The year 2022 might be a watershed moment for IoT. At the same time, if the sector is not vigilant, it might be costly to people's safety and security. Jimmy Jones, ZARIOT's head of security, talks about some of the most important IoT security topics for the coming year. 2022 is shaping up to be an interesting year for the Internet of Things. Both the technological and cultural methods in which the sector grows and acts will undergo significant changes.

The general people will begin to understand how deeply linked technology has already been ingrained in their lives, and how they must weigh the repercussions and alter their behaviour in order to avoid just enjoying the ease. 2022 will be a year of growth, but any errors will be costly. We must be cautious since any misgivings may decrease trust and adoption.

1. The Internet of Things (IoT) Expands Its Role

The industry is progressing from simple siloed sensor and metering solutions that simply report data to a central repository to more advanced, expansive applications that combine multiple types of devices to create more cohesive solutions, with data not only collected but also analysed and used to drive decisions back to the physical world. IoT will mature from a newborn to a toddler by 2022. A toddler's behaviour is significantly more unpredictable, possibly harmful, and difficult to regulate than that of an infant.

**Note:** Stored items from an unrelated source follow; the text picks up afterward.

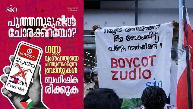 പെരുന്നാള് ഉള്പ്പെടെയുള്ള ആഘോഷങ്ങളുടെ പശ്ചാത്തത്തില് പുതു വസ്ത്രങ്ങളെടുക്കുമ്പോള് സാറ, ടാറ്റ, സൂഡിയോ തുടങ്ങിയ ആഗോള ബ്രാന്റുകളെ ഒഴിവാക്കാനാണ് ആഹ്വാനം. ഇസ്രയേല് സഹകരണം ചൂണ്ടിക്കാട്ടി കോഴിക്കോടുള്ള സൂഡിയോ ഔട്ട്ലറ്റിലേക്ക് എസ്ഐഒ കഴിഞ്ഞ ദിവസം ബഹിഷ്കരണ മാര്ച്ചും സംഘടിപ്പിച്ചിരിരുന്നു. കോഴിക്കോട് ജില്ലാ കമ്മിറ്റിയുടെ നേതൃത്വത്തില് ആയിരുന്നു മാര്ച്ച്.
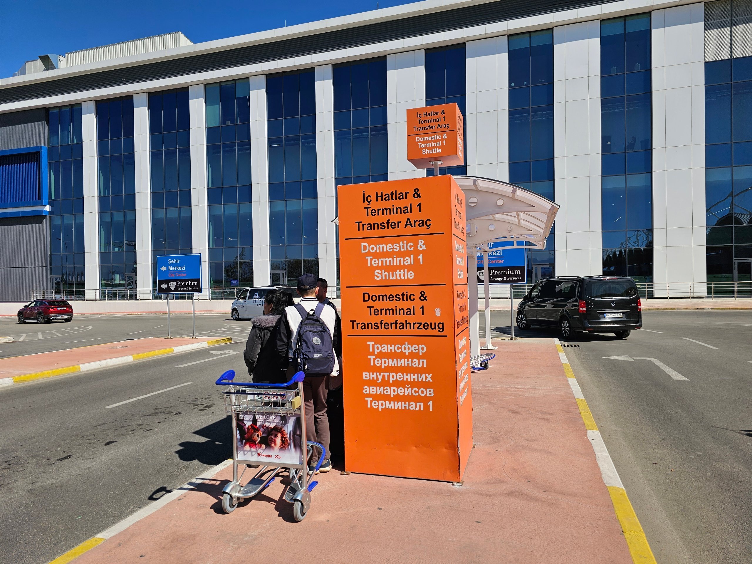 Antalya Lufthavn har 2 terminaler, som kaldes T1 og T2.
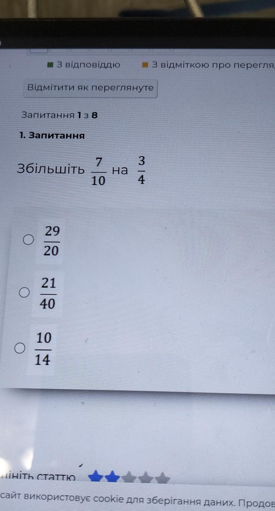 7/10 + 3/4 = 14/20 + 15/20 = 29/20
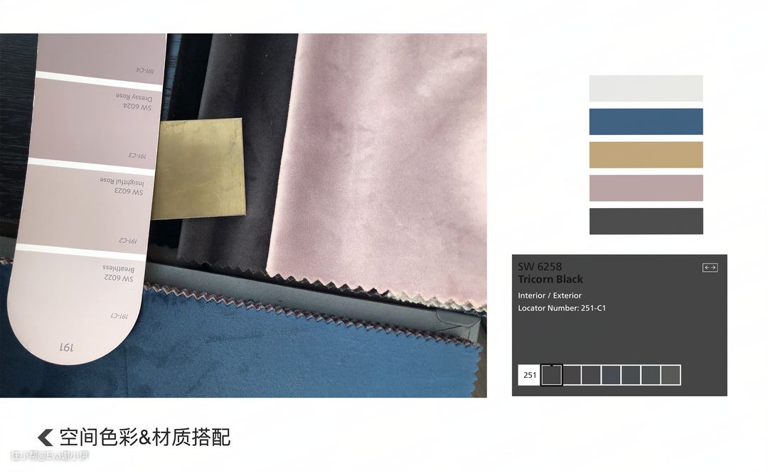 在软装确定之前,我给每个空间都提前做了【色彩和材质的搭配】。在经典的蓝粉cp基础上,尝试了复古绿的撞色;用了很多绒布、金属、大理石材质是为了帮助提升空间的精致感。
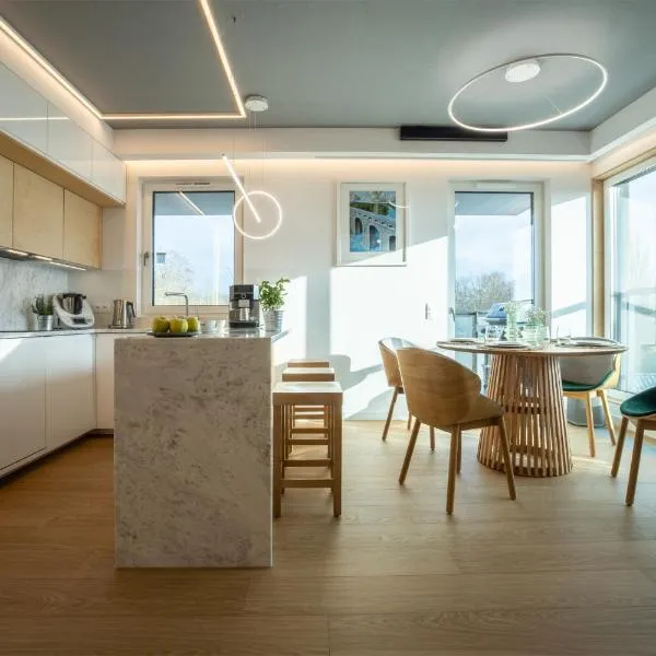 Apartament nad Zalewem se může pochlubit výhledem na jezero a poskytuje ubytování s balkonem a kávovarem. Staroměstské náměstí se nachází přibližně 35 km odtud.

Operational Technology is a subset of the Internet of Things that comprises of devices that monitor and then control physical actions (OT). These gadgets are not often used in the house, but they are found in our jobs and other parts of our surroundings. OT is already widely utilised in industries to guarantee that assembly lines, robotics, and other critical operations function smoothly. The difference in the future is that more data will be necessary to make better judgments. To complete the image, numerous more sensors and metres are required. A "digital twin" is the most extreme version of this concept, requiring huge quantities of data to copy and analyse a physical object.

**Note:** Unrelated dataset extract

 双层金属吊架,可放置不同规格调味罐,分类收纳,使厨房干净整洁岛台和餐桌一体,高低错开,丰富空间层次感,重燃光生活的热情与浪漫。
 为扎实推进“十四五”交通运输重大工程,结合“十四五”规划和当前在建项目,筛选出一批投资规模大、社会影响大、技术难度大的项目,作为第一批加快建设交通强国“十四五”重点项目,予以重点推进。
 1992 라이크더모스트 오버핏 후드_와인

This blurs the distinctions between passive IoT and OT, exposing the once-protected environment even more, and is a catalyst for another industrial IoT (IIoT) trend: the creation of private mobile networks.

2. Regulation Has Arrived

The automobile and medical industries, as well as cellular connection, are extensively regulated already. Additional restrictions, such as the United Nations' smart car laws and global 5G legislation sponsored by the United Kingdom, are in the works. Regulation will, however, soon touch all IoT makers, providers, and customers.

Both initiatives align to ETSI standard EN 303 645 as a primary reference, which makes sense. IoT is a global market, and vendors need to be able to confidently address all regulations. By aligning, countries can remove market friction and avoid security strategies being diluted. As a result, these initiatives will almost inevitably be a precursor to other regions following suit.

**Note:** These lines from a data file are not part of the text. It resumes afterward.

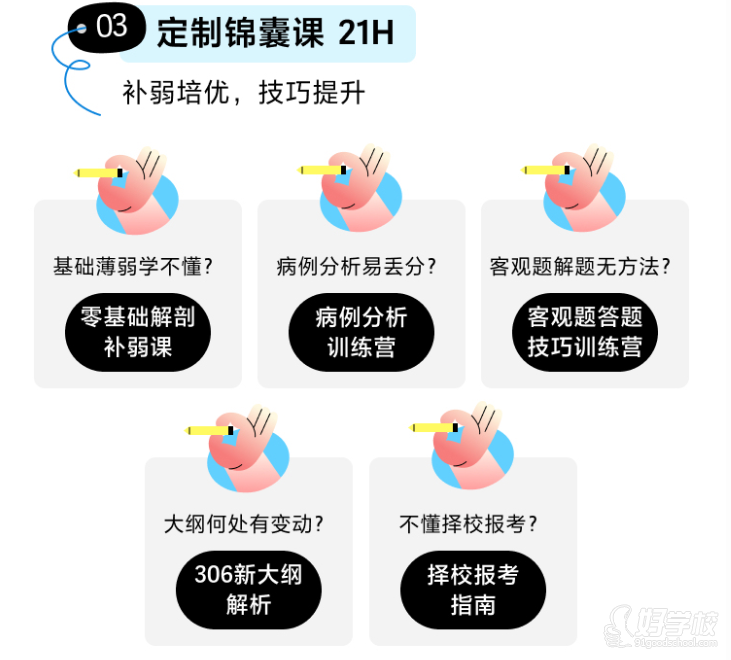 针对考生薄弱环节专项提升,共 21H,覆盖基础补弱、解题技巧与报考指导。
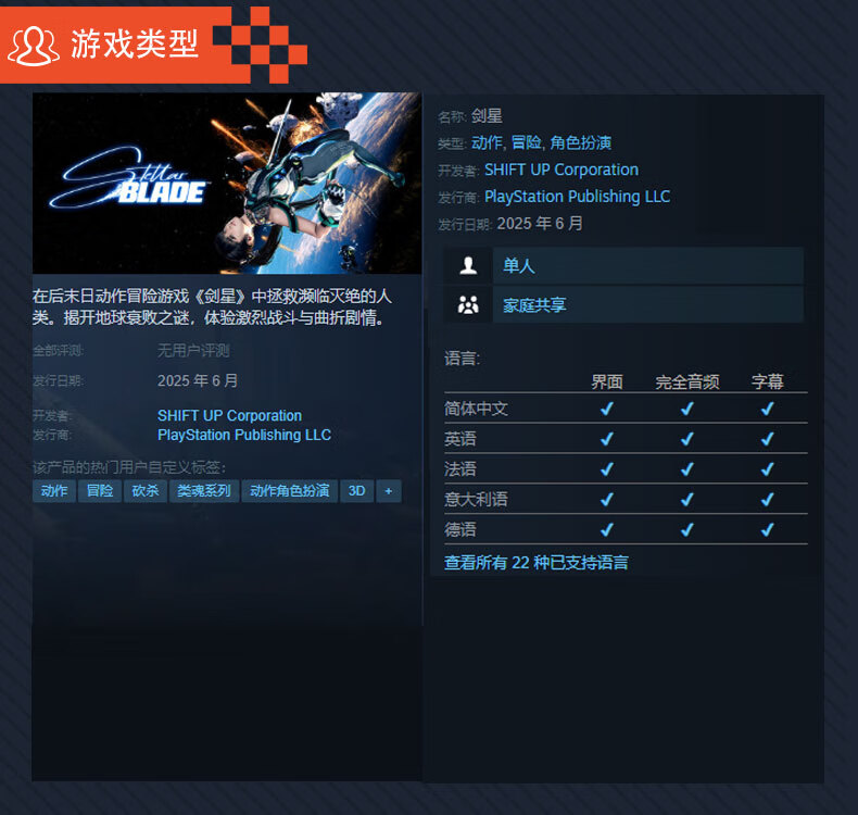 STEAM现货Steam剑星 PC正版游戏 Stellar Blade 国区 动作冒险单人角色扮演 激活码CDK 完整版 简体中文
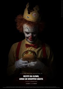 Un video forse non adatto a chi soffre di coulrofobia (la paura dei pagliacci), che conferma ancora una volta la sottile ironia di Burger King. Seguendo il filone delle iniziative ideate negli anni passati per festeggiare Halloween, quest’anno l’azienda affida proprio a dei clown il compito di spaventare i clienti collegandosi, così, al film horror più atteso del 2017, IT, che tanto ricorda la mascotte del principale competitor.
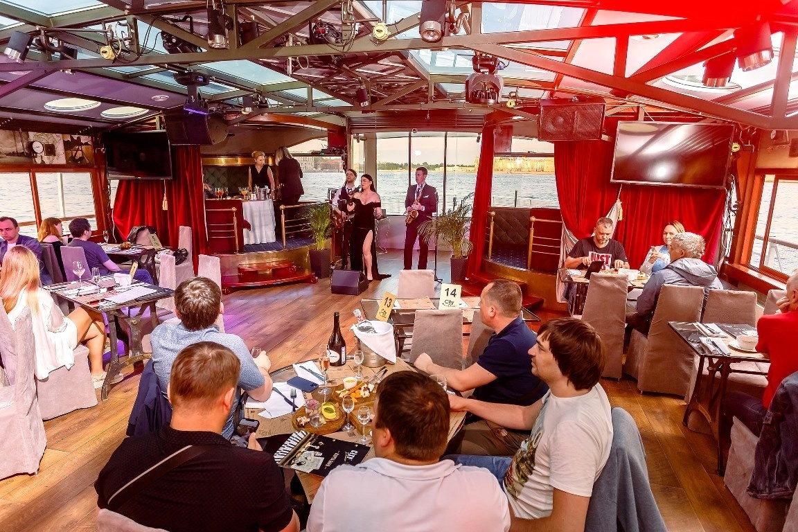 Еще один вариант совместить водную прогулку с живой музыкой — вечерний маршрут «Джаз под разводными мостами» на теплоходах-ресторанах «Астра» и «Москва». Суда проходят под Благовещенским, Дворцовым, Троицким и другими петербургскими мостами, а на борту гостям предлагают живую джазовую музыку, приветственный бокал игристого и рестораны с обслуживанием по меню.
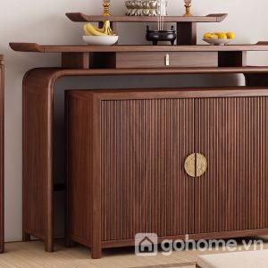 Với thiết kế tinh tế và màu gỗ trầm ấm, chiếc tủ bàn thờ này dễ dàng kết hợp với nhiều phong cách nội thất khác nhau.
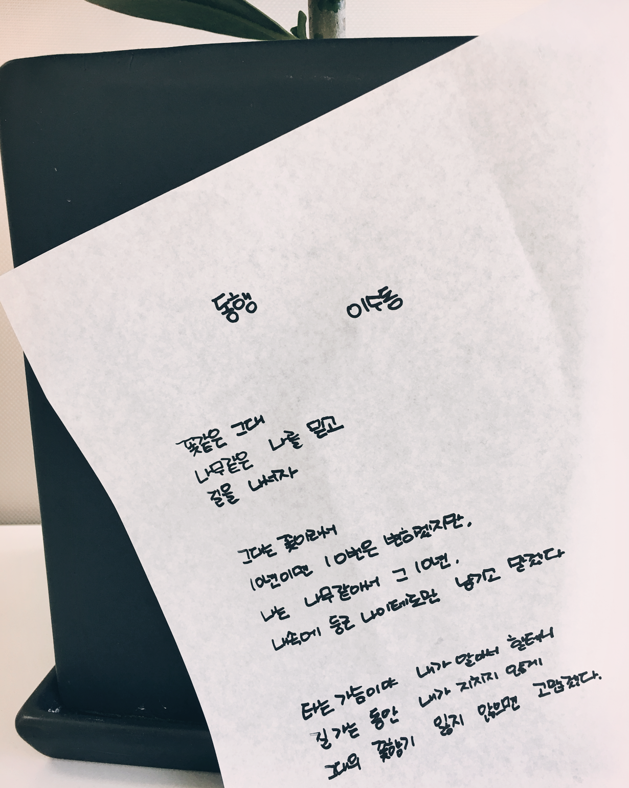 동행 - 이수동꽃같은 그대나무같은 나를 믿고길을 나서자그대는 꽃이라서 10년이면 10번은 변하겠지만나는 나무같아서 그 10년,내 속에 둥근 나이테로만 남기고 말겠다타는 가슴이야 내가 알아서 할테니길 가는 동안 내가 지치지 않게그대의 꽃향기 잃지 않으면 고맙겠다#1일1시 #100lab
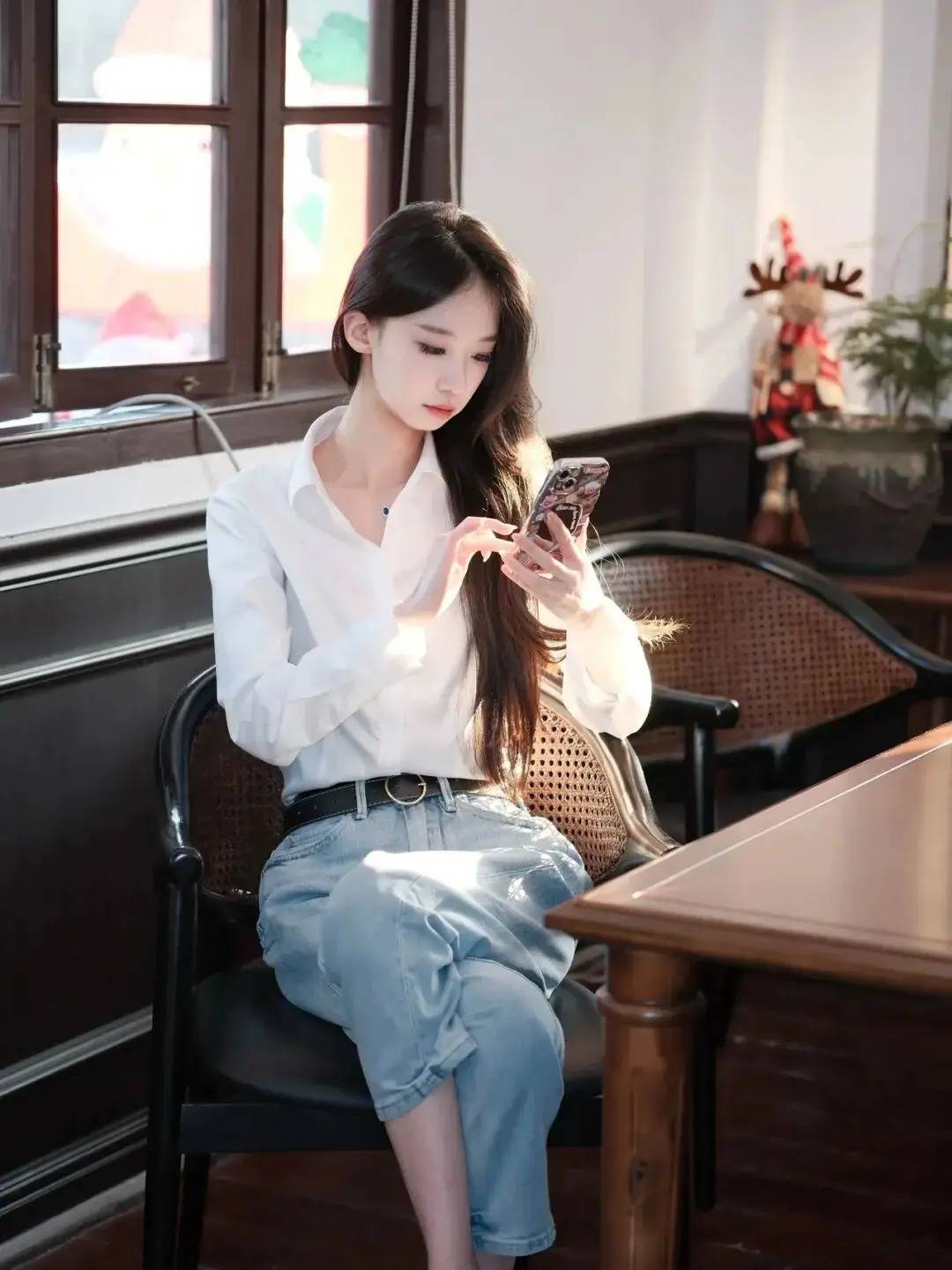 人物专注玩手机,姿态自然又有生活感。这种姿势巧妙融入复古场景,利用暖调光影和细节满满的环境,白衬衫牛仔裤的搭配简约又出挑。加上松弛的神态,随手一拍就是治愈感满满的日常大片,学会这招,在咖啡馆这类场景出片轻松又有格调~

By 2024, both the United States and Europe will have passed legislation that will influence the capacity to offer IoT. Given the time required to build and test, an IoT project should begin planning now. Last month, the EU Commission approved the "Internet-Connected Radio Equipment and Wearable Radio Equipment" initiative, which establishes IoT security baseline standards. To get the "CE" certification, every IoT device aimed at the 447 million people must be security hardened and tested.

Both projects use the ETSI standard EN 303 645 as their major reference, which is understandable. Because the Internet of Things is a worldwide industry, manufacturers must be able to confidently satisfy all laws. Cohesion is achieved via aligning.

3. Cellular Makes a Bigger Push in LPWAN

Meters, sensors, and other simple, cheap devices represent the majority of deployed IoT. These predominantly use unlicensed spectrum LPWAN technologies, e.g., LoRa and Sigfox, with cellular access primarily used to backhaul these networks or where particular conditions dictate. On most occasions, the design decisions were based on power consumption and cost.  2022 sees the release of 3GPP’s Rel.17 5G standard. This directly supports massive Machine Type Communication (mMTC), delivering improved device density and power consumption. With cellular already closing the discrepancy in price with the use of eSIM/iSIM technology and more effective network architecture, changes in the regulatory environment could see cellular become the technology of choice.  Whisper it, but by the end of 2022, be prepared to start hearing about the next generation, 5G Advanced, sort of 5.5G, released in 2023.